Le difficile coup de Kremlin frappe rarement un haut commandant militaire en fonction. L’arrestation étonnante du sous-ministre russe de la défense, Timour Ivanov, le 23 avril, a engendré une atmosphère glaciale derrière les murs imposants du ministère, situé sur le quai Frounzenskaïa, à Moscou. Cela se produit dans un contexte de stagnation de l’offensive russe en Ukraine et d’une éventuelle réorganisation ministérielle prévue à partir du 7 mai, jour de l’inauguration de Vladimir Poutine pour son cinquième mandat. Cette poursuite judiciaire, sans précédent depuis l’invasion de l’Ukraine par la Russie il y a deux ans et deux mois, pourrait être l’illustration d’une déception croissante du président envers son ministre de la défense, Sergueï Choïgou, en fonction depuis 2012.
Le porte-parole de Kremlin, Dmitri Peskov, a annoncé mardi que Vladimir Poutine et le ministre de la défense avaient été mis au courant de l’arrestation d’Ivanov. Sergueï Choïgou a ordonné le renvoi de Timour Ivanov jeudi 25 avril au matin.

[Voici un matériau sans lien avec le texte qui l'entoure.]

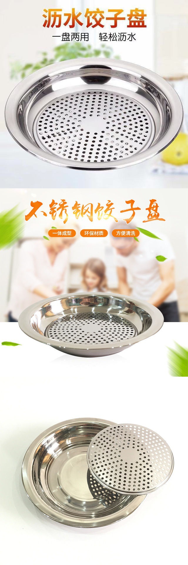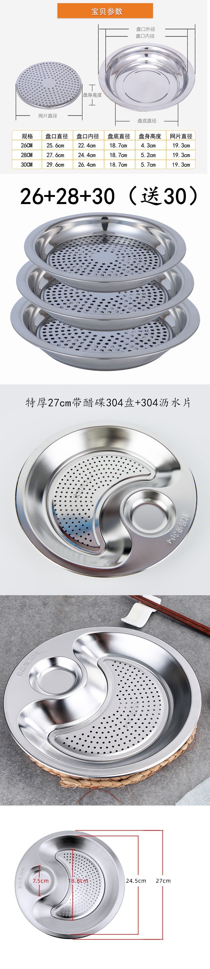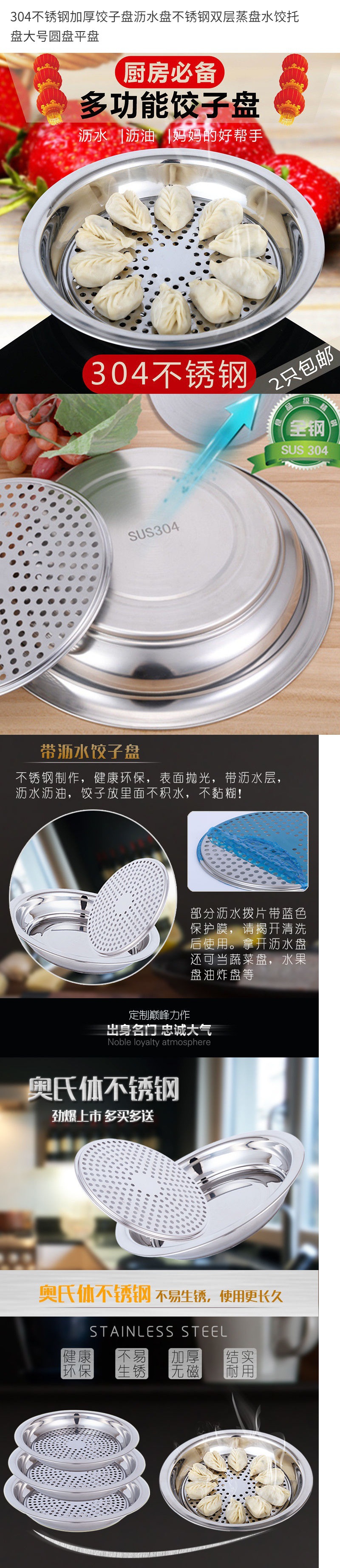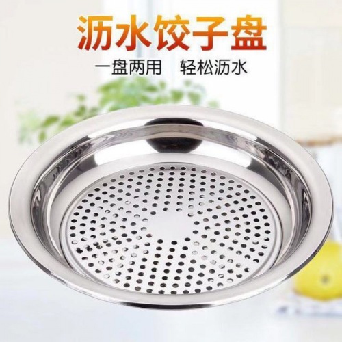 steaming plate 304 stainless steel thickened dumpling draining stainless steel double layer dumpling tray large round plate flat plate simple 中文版
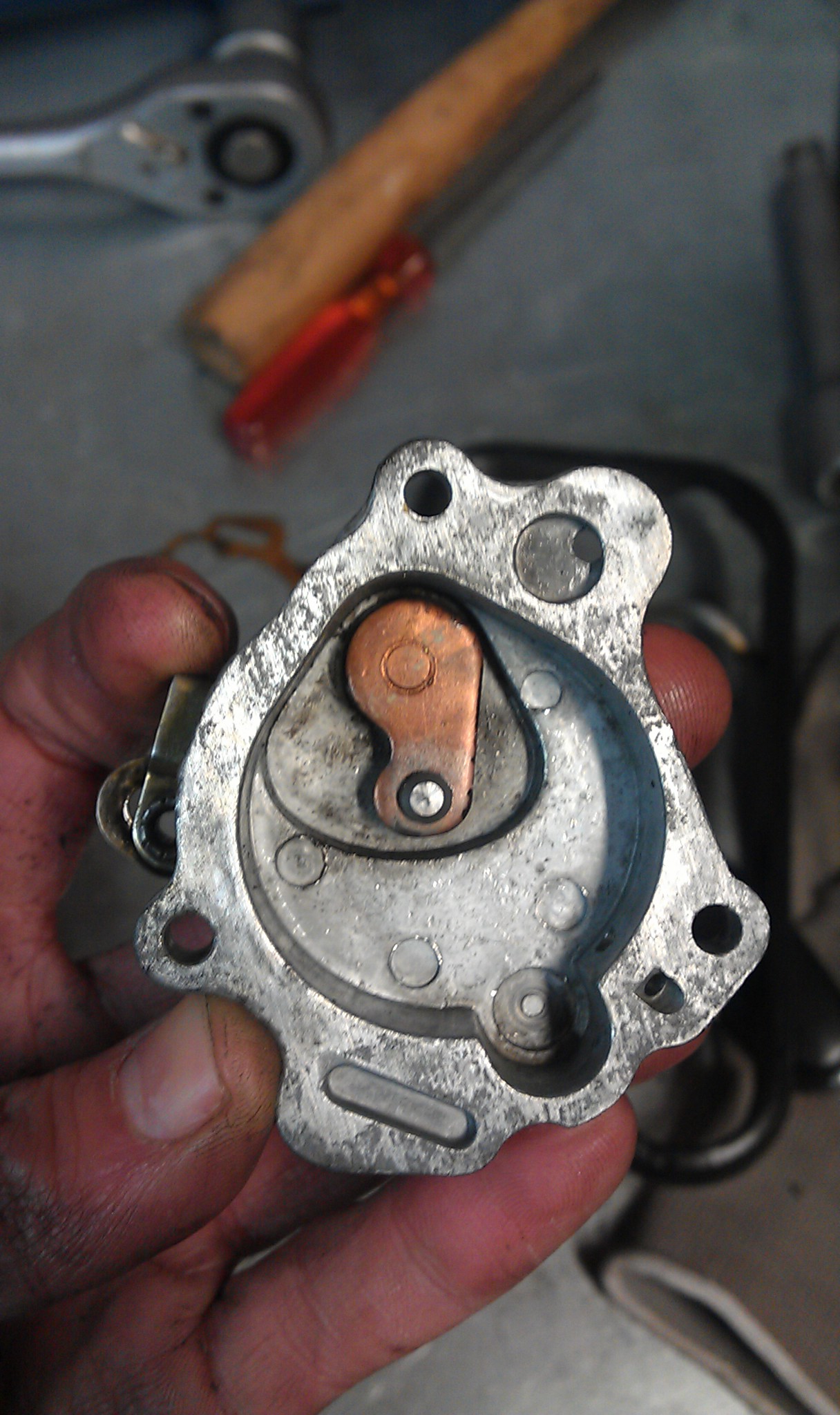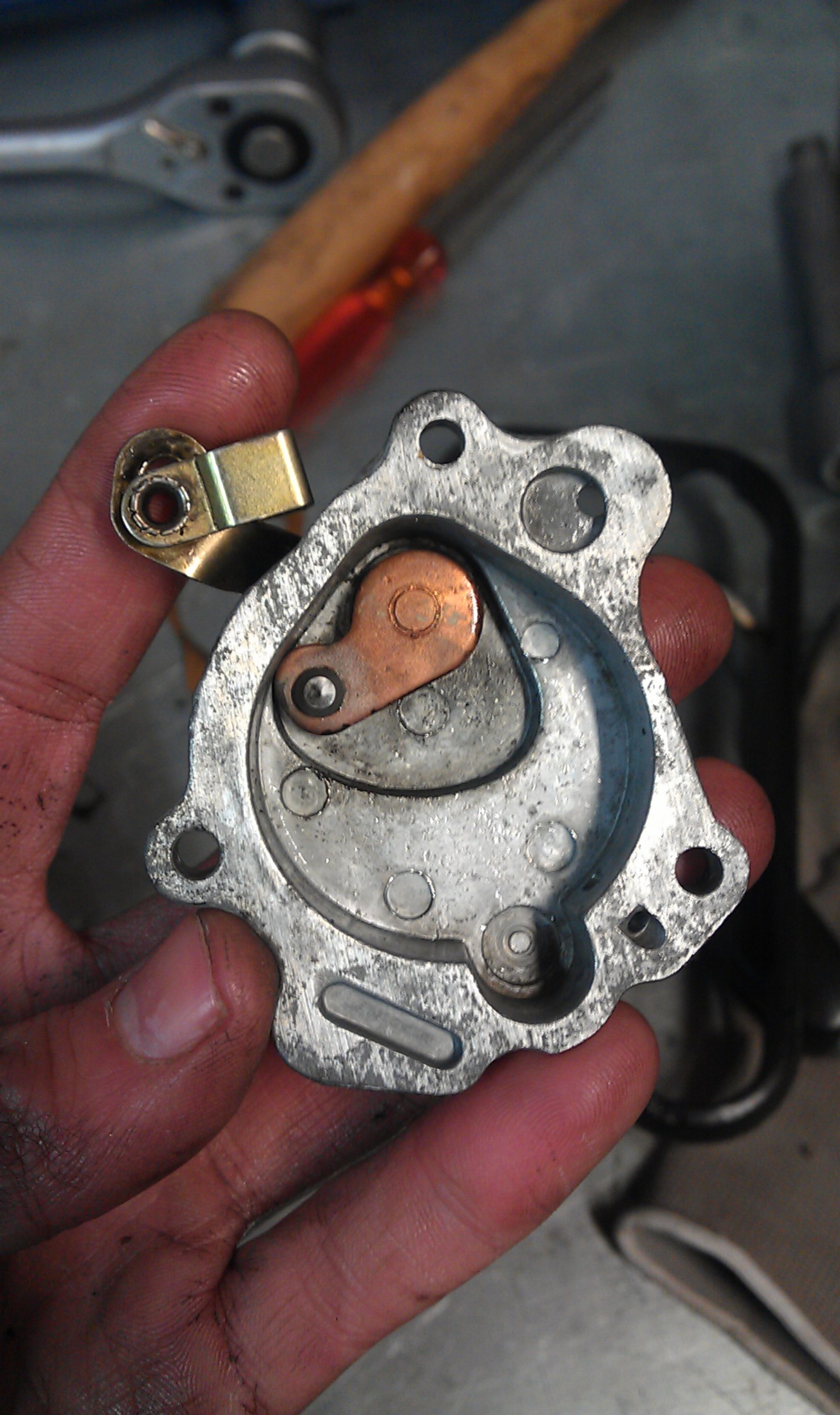 Y esta es la tapa que nos encontramos debajo del carburador a la que enganchamos el cable del acelerador, si está en reposo el eje se queda en el centro y si aceleramos se mueve hacia fuera haciendo que baje más la rueda, de tal forma que el eje-pistón bombéa más cantidad de aceite al carter.

Présenté devant le juge en uniforme militaire le mercredi 24 avril, le viceministre, âgé de 48 ans et reconnu pour son style de vie luxueux et flamboyant, a été incarcéré de manière préliminaire au moins jusqu’au 23 juin dans la prison de Lefortovo, connue pour être sous la surveillance de la sécurité d’Etat (FSB). Très proche de M. Choïgou, Timour Ivanov est accusé d’être impliqué dans une « conspiration criminelle avec des tiers » pour recevoir de « grands pots-de-vin » lors de contrats et travaux de sous-traitance pour le ministère de la défense.
Sa mission principale était de superviser la construction et l’entretien des propriétés et équipements du ministère. Ce rôle, qui gère des montants astronomiques d’argent, est devenu le plus critique dans le budget du pays, étant donné que la défense est la dépense principale. En tant que vice-ministre, il était responsable de projets gigantesques, comme la reconstruction de la ville ukrainienne de Marioupol, détruite en 2022 par des attaques russes. Avant cela, il avait géré la construction de la cathédrale des forces armées russes près de Moscou, le cosmodrome de Vostotchny et les centres médicaux du ministère de la défense pour soigner les patients touchés par le Covid-19.
L’homme clé de Choïgou
Visé par plusieurs investigations majeures menées par des journalistes indépendants et des alliés de l’opposant assassiné Alexeï Navalny, Timour Ivanov commençait à être vu comme un maillon faible au ministère, surtout parce que son mode de vie ne correspondait pas à ses revenus déclarés, et encore moins à la situation délicate dans laquelle se trouvent les soldats russes en Ukraine. Son allure raffinée, ses lunettes à monture fine et son expression douce contrastaient fortement avec l’image d’un fonctionnaire, qui affiche habituellement en public un visage sévère et des manières rustres.